### [Data]
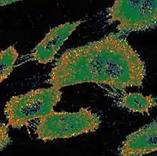 8. Schneckenburger, P.; M. Wagner; H. Schneckenburger. (2010). "Fluorescence imaging of membrane dynamics in living cells". J. Biomed. 15 (4): 046017–046017–5. Bibcode:2010JBO....15d6017W. doi:10.1117/1.3470446. PMID 20799819.
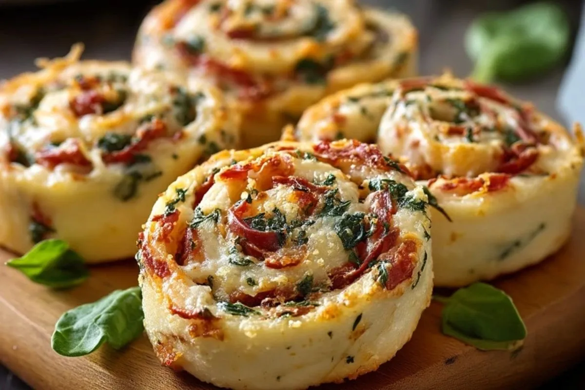 Ces roulés italiens irrésistibles sont de petits escargots de pâte à pizza garnis de sauce tomate, de mozzarella fondante, de jambon cru et d’épinards, parfaits pour un apéritif convivial ou un diner léger avec une salade.
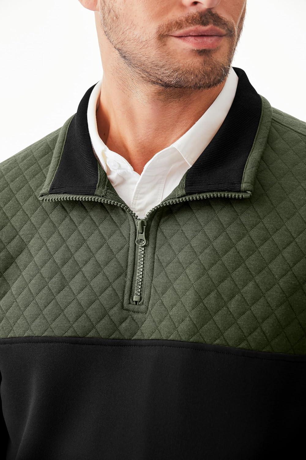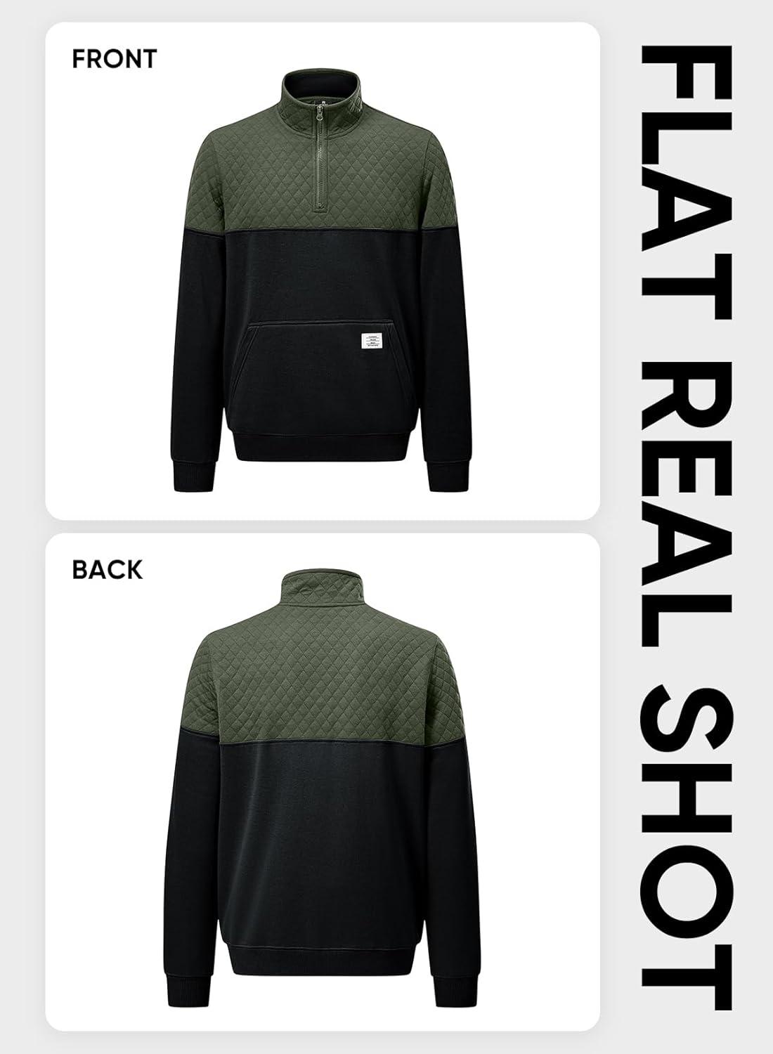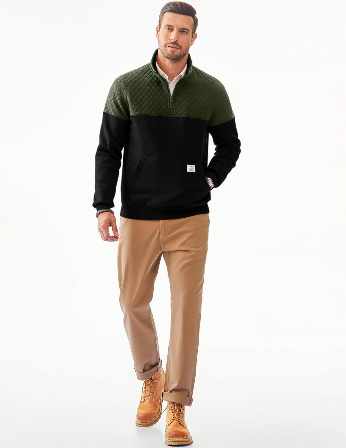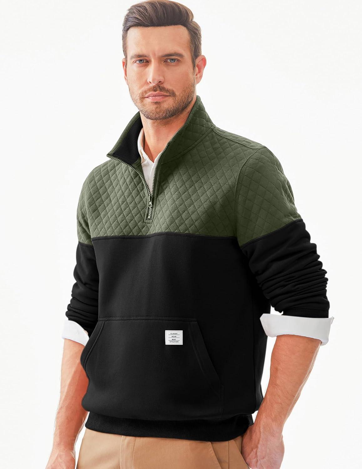 JMIERR Men’s Quarter Zip Pullover Quilted Sweatshirt Pullover Long Sleeve Stand Collar Sweater Color Block Sweatshirt(Black)
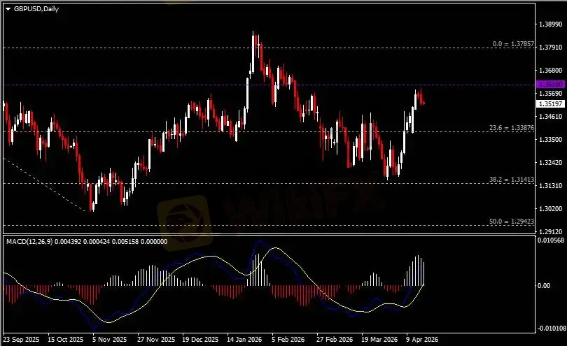 日线图显示英镑兑美元高位回调,当前承压于1.3610阻力。从MACD来看,快慢线向上扩张,白色动能柱则温和收缩。汇价走势基本和动能柱的变化一致。
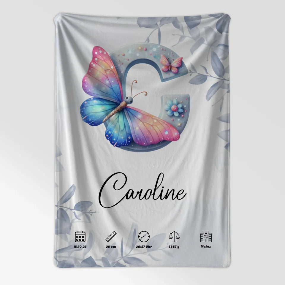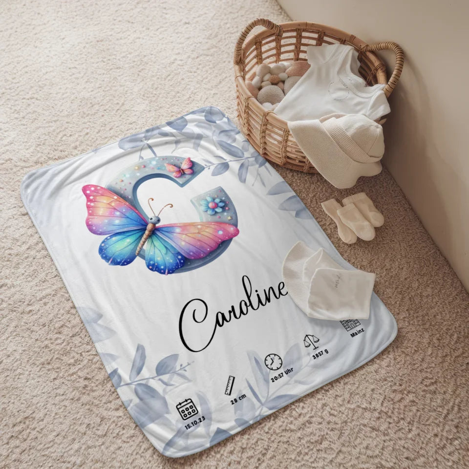 Personalisierte Decke mit Anfangsbuchstaben C Eucalyptus Blau Geburt
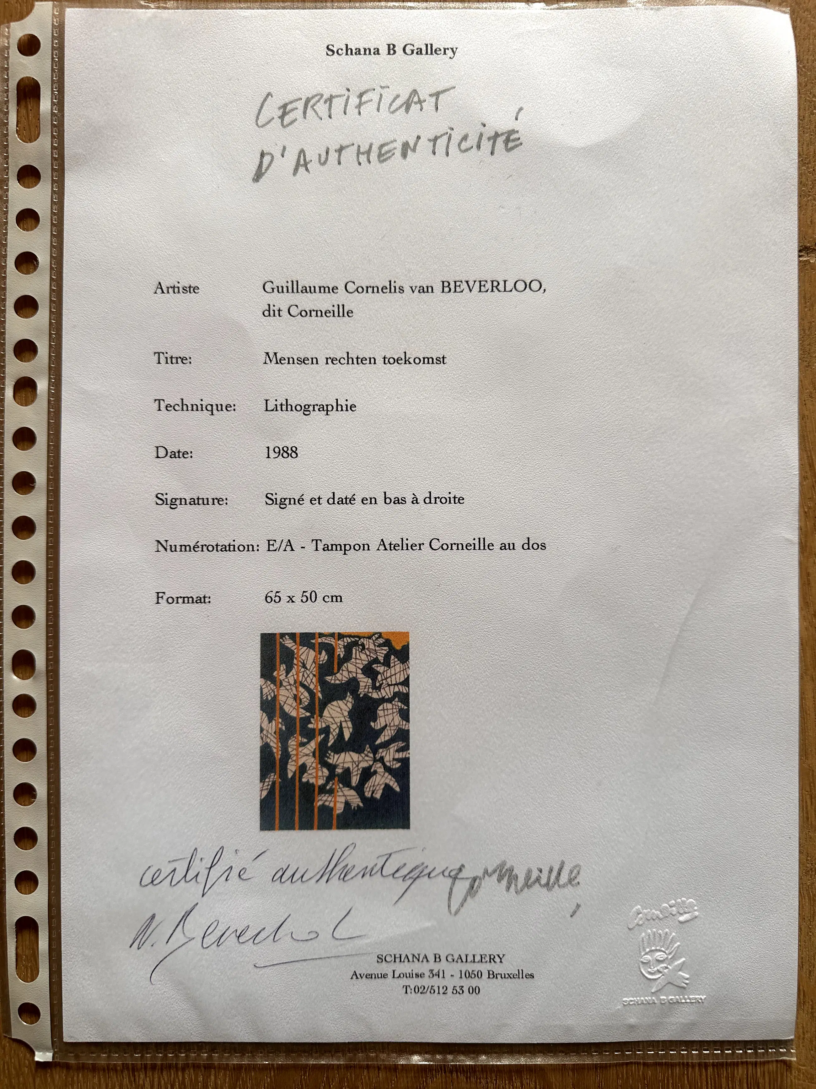 Details: Kunstenaar: Corneille (Guillaume Cornelis van Beverloo) Titel: Mensen rechten toekomst Jaar: 1988 Techniek: Lithografie Editie: E/A (kunstenaarsproef – exclusief) Signatuur: Handgesigneerd en gedateerd rechtsonder Certificaat: Aanwezig (Schana B Gallery, Brussel) Afmetingen blad: ca. 65 x 50 cm Lijst: Ingelijst (zie foto’s) Conditie: Goede staat
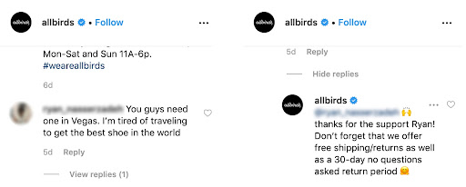 Allbirds is a sustainable shoe company that makes shoes out of wool to be especially comfortable. The customer service they offer through social media is uncanny.
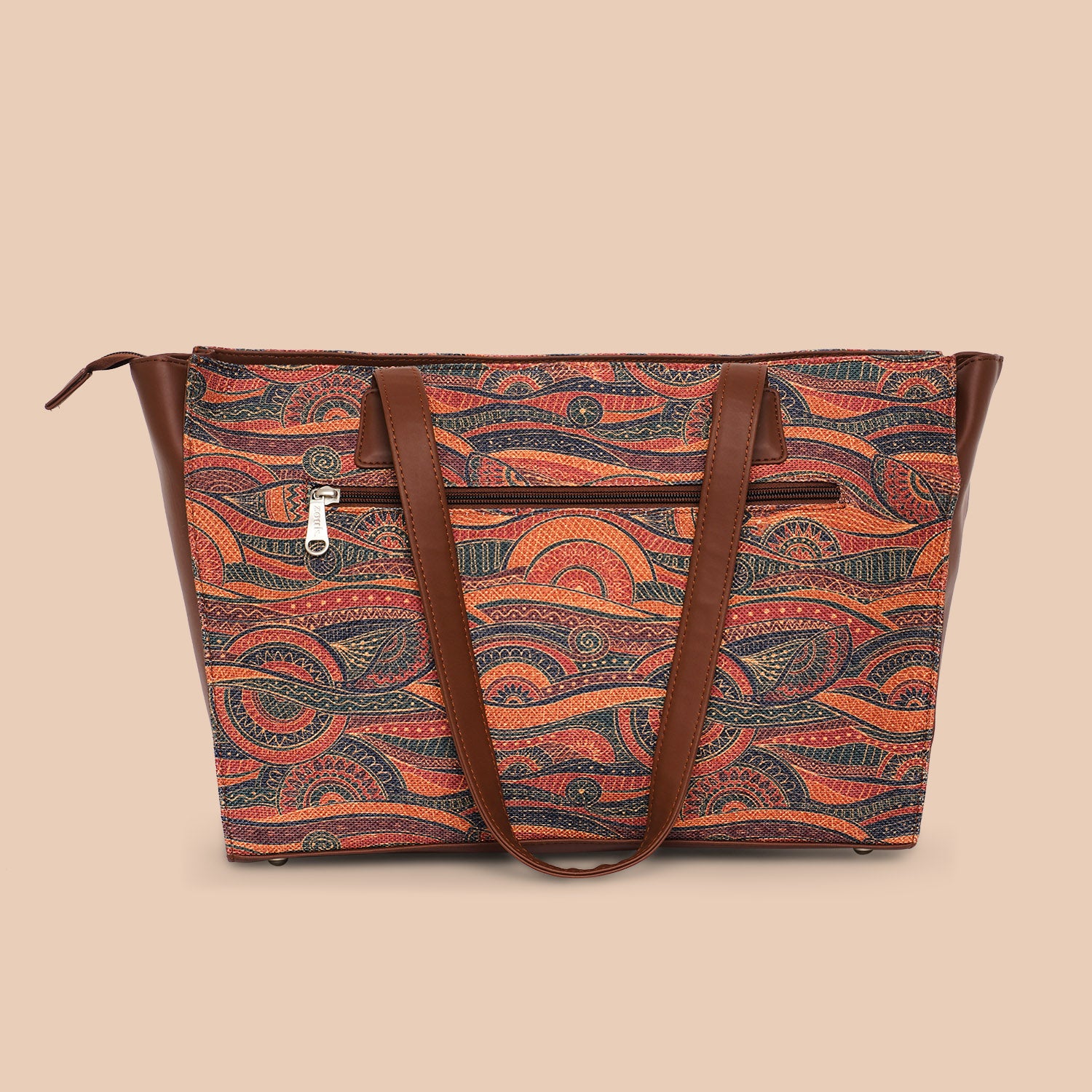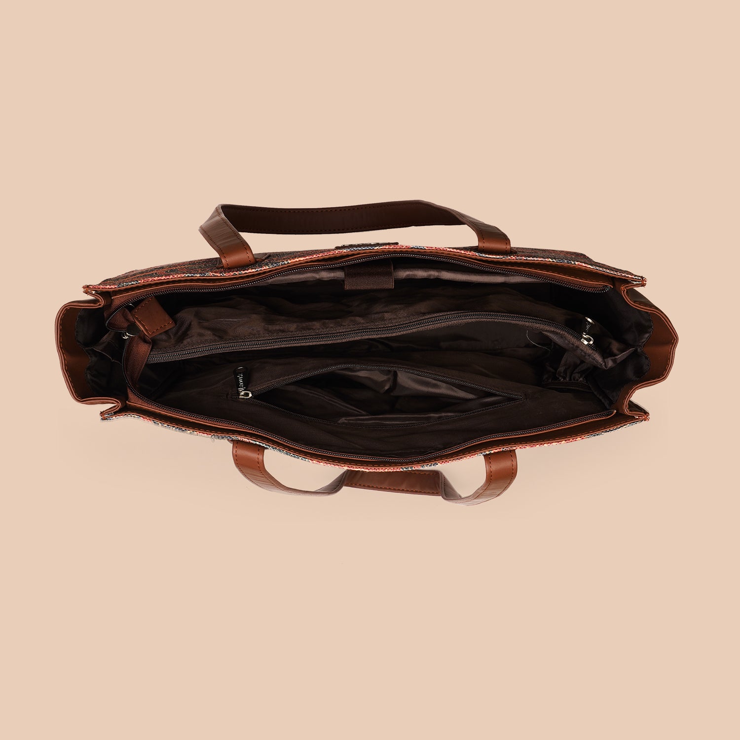 Material Used – Vegan Leather, Handicraft Fabric, Water-resistant inner lining, matte metal fittings.

### [Problem requirements]
Set down each entry above exactly as it appears. Omit the pictures.

### [Expected answer]
 8. Schneckenburger, P.; M. Wagner; H. Schneckenburger. (2010). "Fluorescence imaging of membrane dynamics in living cells". J. Biomed. 15 (4): 046017–046017–5. Bibcode:2010JBO....15d6017W. doi:10.1117/1.3470446. PMID 20799819.
 Ces roulés italiens irrésistibles sont de petits escargots de pâte à pizza garnis de sauce tomate, de mozzarella fondante, de jambon cru et d’épinards, parfaits pour un apéritif convivial ou un diner léger avec une salade.
 JMIERR Men’s Quarter Zip Pullover Quilted Sweatshirt Pullover Long Sleeve Stand Collar Sweater Color Block Sweatshirt(Black)
 日线图显示英镑兑美元高位回调,当前承压于1.3610阻力。从MACD来看,快慢线向上扩张,白色动能柱则温和收缩。汇价走势基本和动能柱的变化一致。
 Personalisierte Decke mit Anfangsbuchstaben C Eucalyptus Blau Geburt
 Details: Kunstenaar: Corneille (Guillaume Cornelis van Beverloo) Titel: Mensen rechten toekomst Jaar: 1988 Techniek: Lithografie Editie: E/A (kunstenaarsproef – exclusief) Signatuur: Handgesigneerd en gedateerd rechtsonder Certificaat: Aanwezig (Schana B Gallery, Brussel) Afmetingen blad: ca. 65 x 50 cm Lijst: Ingelijst (zie foto’s) Conditie: Goede staat
 Allbirds is a sustainable shoe company that makes shoes out of wool to be especially comfortable. The customer service they offer through social media is uncanny.
 Material Used – Vegan Leather, Handicraft Fabric, Water-resistant inner lining, matte metal fittings.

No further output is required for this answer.